Avant la Révolution les manants des campagnes vivaient dans des conditions difficiles. Taillables et corvéables à merci, ils devaient se soumettre au bon vouloir des gens de noblesse.
À Chaumeray le seigneur exigeait que les jeunes filles passent la nuit précédant leur mariage en sa compagnie. Dans la soirée, deux de ses hommes de confiance venaient chercher la future mariée chez ses parents et la conduisaient au manoir du potentat. Là, la jeune fille devait satisfaire aux exigences de celui qui se considérait comme son maître.

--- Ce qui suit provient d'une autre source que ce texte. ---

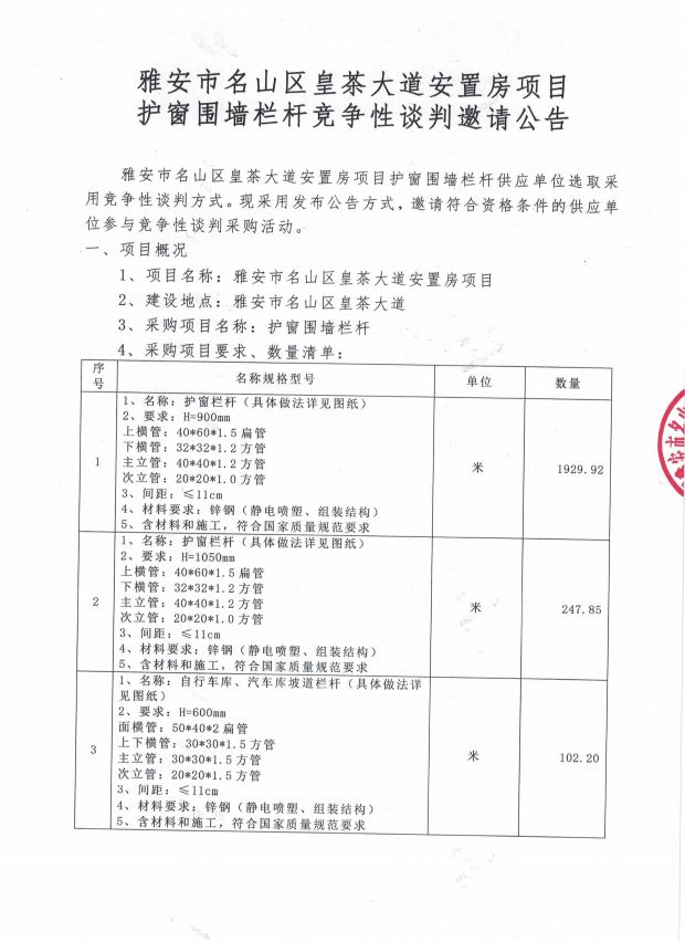 雅安市名山區皇茶大道安置房項目 護窗圍墻欄桿競爭性談判邀請公告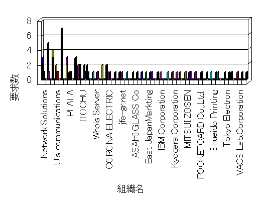 組織ユーザーにインターネット接続を提供する、商用または非営利団体、学術・行政機関などの、インターネット ドメイン で識別される団体や組織です。Microsoft Site Server Analysis は同じ組織に登録されたすべてのドメインを 1 つの組織としてグループ化します。ドメインがデータベースで使用できない場合は、1 つのインターネット ドメインが 1 つの組織を識別するのに使用されます。

Les parents n'appréciaient guère, la jeune fille encore moins. La colère grondait dans les chaumières, mais les manants ne se révoltaient pas. Ils dépendaient trop du seigneur. Les terres qu'ils cultivaient lui appartenaient. Il leur fallait prendre leur mal en patience en attendant des jours meilleurs.

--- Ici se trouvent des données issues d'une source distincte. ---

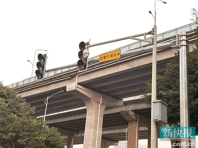 近日,新快报记者两次前往现场,该丁字路口目前仍然悬挂“交通灯调试中”的标识,暂时没有发现交通信号灯编号,处于未启用状态。沥滘路西行约150米处的另一路口有一组正常使用中的交通信号灯。
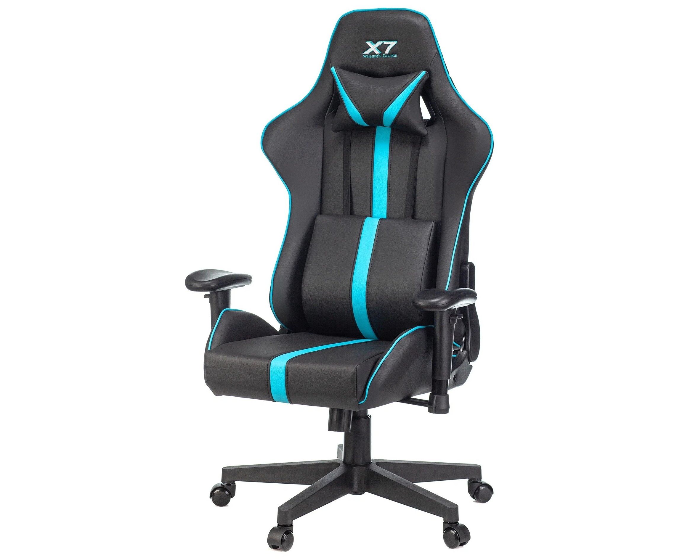 Кресло игровое A4Tech X7 GG-1200 черный/голубой искусственная кожа крестов. пластик

Cependant, lasses d'être importunées, les futures mariées avaient pris l'habitude de se réfugier au presbytère de Chaumeray la veille de leur mariage. Elles étaient accueillies par le chapelain dans la maison que ce dernier occupait juste à côté de l'édifice religieux. Elles se sentaient en sécurité sous sa protection. Le lendemain, elles n'avaient qu'un pas à faire pour se marier à la chapelle. Mais le seigneur éventa vite le subterfuge et ne tarda pas à envoyer ses gardes chercher les jeunes filles au presbytère.
Un manant du pays, soucieux d'éviter le déshonneur à sa promise, décida de se rendre à sa place au manoir du potentat. La veille de son mariage, il s'habilla dans des vêtements de femme et attendit chez le chapelain les gardes chargés de le conduire.
Ces derniers vinrent plus tard que d'habitude chercher la jeune fille. Il faisait déjà nuit et dans l'obscurité ils distinguaient mal la personne qu'ils emmenaient.
C'était, leur avait-on dit, la plus belle fille du pays. Il fallait absolument l'amener au manoir. Eux n'avaient qu'une hâte : remplir leur engagement vis-à-vis du seigneur et recevoir la récompense qui leur avait été promise. Le long du chemin, la fausse jeune fille dut écouter nombre de plaisanteries de mauvais goût, mais elle n'y répondit pas.
Arrivés au manoir, les gardes frappèrent trois coups à la porte d'entrée et donnèrent le mot de passe convenu. La porte s'ouvrit. Deux hommes, que la jeune fille reconnut comme étant les valets du château, s'approchèrent et échangèrent quelques mots à voix basse avec les gardes. Ces derniers reçurent leur récompense et disparurent aussitôt, non sans avoir remercié au préalable le seigneur de sa bonté et de sa générosité.
Poussée sans ménagement dans la salle d'entrée du manoir, la jeune fille fit soudain front et enleva d'un geste rapide le fichu qui enveloppait son visage, laissant apparaître la tête d'un fort gaillard devant les yeux atterrés des deux valets. Le futur marié ne perdit pas un instant. Il sortit le poignard qu'il avait caché dans une des manches de son vêtement et en frappa à plusieurs reprises les deux serviteurs du potentat. Couverts de sang, ils s'écroulèrent sur le sol en râlant sans avoir tenté le moindre geste de défense.
Le jeune manant ne s'attarda pas sur les lieux. Se sauvant à travers champs et bois, il regagna sa chaumière et s'y cacha. Lorsque les manants de la région apprirent l'exploit qu'il avait réalisé, ils s'empressèrent de venir le féliciter pour son courage et le remercier d'avoir vengé l'honneur des jeunes filles à marier.
Quant au potentat, la vue de ses valets, allongés sans vie sur le dallage de la salle, le fit sans doute réfléchir, car par la suite il n'importuna plus les futures mariées du pays.